Guido Verdún

Personal information
- Full name: Guido José Verdún Vera
- Date of birth: 19 December 1995 (age 30)
- Place of birth: San Juan Nepomuceno, Paraguay
- Height: 1.80 m (5 ft 11 in)
- Position: Centre-back

Team information
- Current team: Deportivo Santaní
- Number: 6

Senior career*
- Years: Team / Apps / (Gls)
- 2017: Olimpia de Itá
- 2018-2019: Fernando de la Mora
- 2019: Resistencia S.C.
- 2020-2021: Plaza Colonia
- 2021: 2 de Mayo
- 2022: Ciudad Bolívar / 4 / (0)
- 2023: Sportivo Carapeguá
- 2024: Sportivo San Lorenzo
- 2024: Sportivo Carapeguá
- 2025-: Deportivo Santaní / 22 / (0)

= Guido Verdún =

Paraguayan footballer

Guido José Verdún Vera (born 19 December 1995) is a Paraguayan professional footballer who plays as a centre-back for Deportivo Santaní in the Second Division of Paraguay.

==Career==
In his early career, he played for the Gobernador Rivera Football Team and Atlético Juventud, among others, both teams in the Gobernador Rivera Football League of Paraguay.

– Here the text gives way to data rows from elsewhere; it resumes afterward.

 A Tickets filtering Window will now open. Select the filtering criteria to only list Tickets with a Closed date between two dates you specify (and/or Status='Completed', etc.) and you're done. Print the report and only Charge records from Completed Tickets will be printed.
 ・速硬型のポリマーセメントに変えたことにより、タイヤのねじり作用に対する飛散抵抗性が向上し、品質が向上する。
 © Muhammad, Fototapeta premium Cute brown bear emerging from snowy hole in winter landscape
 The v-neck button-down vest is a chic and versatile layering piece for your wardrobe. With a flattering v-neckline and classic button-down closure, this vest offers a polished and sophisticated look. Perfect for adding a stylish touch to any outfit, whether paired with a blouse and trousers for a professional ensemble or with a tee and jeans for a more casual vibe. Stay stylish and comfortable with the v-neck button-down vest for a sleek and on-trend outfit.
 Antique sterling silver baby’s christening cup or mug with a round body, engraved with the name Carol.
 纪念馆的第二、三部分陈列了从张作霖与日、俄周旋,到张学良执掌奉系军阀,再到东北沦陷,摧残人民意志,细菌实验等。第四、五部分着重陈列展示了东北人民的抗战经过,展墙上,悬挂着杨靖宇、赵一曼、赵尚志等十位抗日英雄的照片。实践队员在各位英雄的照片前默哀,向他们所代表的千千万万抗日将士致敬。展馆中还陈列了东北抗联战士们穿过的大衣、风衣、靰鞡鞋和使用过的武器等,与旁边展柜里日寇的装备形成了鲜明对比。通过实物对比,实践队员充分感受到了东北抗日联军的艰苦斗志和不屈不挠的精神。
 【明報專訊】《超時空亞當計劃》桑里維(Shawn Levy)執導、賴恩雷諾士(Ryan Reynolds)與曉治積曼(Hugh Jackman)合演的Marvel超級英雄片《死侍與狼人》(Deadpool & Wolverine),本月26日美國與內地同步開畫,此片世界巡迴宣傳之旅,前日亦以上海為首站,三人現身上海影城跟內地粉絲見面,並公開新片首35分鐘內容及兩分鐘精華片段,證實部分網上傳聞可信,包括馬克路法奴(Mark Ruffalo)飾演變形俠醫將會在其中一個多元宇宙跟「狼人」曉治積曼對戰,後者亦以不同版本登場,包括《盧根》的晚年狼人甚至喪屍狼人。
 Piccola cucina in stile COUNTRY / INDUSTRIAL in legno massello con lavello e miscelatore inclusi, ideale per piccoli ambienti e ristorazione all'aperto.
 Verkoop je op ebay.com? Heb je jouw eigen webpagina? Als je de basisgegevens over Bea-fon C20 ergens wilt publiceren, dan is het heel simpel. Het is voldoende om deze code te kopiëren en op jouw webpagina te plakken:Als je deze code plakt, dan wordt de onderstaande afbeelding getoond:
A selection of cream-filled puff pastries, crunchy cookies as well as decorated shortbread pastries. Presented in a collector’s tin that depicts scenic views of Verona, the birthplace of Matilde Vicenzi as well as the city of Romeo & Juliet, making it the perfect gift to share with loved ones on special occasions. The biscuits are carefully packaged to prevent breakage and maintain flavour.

In 2017, he played for Olimpia de Itá. Between 2018 and 2019, he played for Fernando de la Mora. In August 2019, he moved to Resistencia S.C. of Paraguay.

Plaza Colonia, signed him in 2020, and he made his debut on October 6, 2020, in a Uruguayan First Division match that ended in a 1–1 draw against River Plate (U), a game he opened with a goal. In 2021, he played for 2 de Mayo.

In March 2022, he joined Ciudad Bolívar.

In July 2023, he arrived at Sportivo Carapeguá. In February 2024, he left for Sportivo San Lorenzo. In July 2024, he returned to Sportivo Carapeguá. In 2025, he signed for Deportivo Santaní, of the Second Division of Paraguay.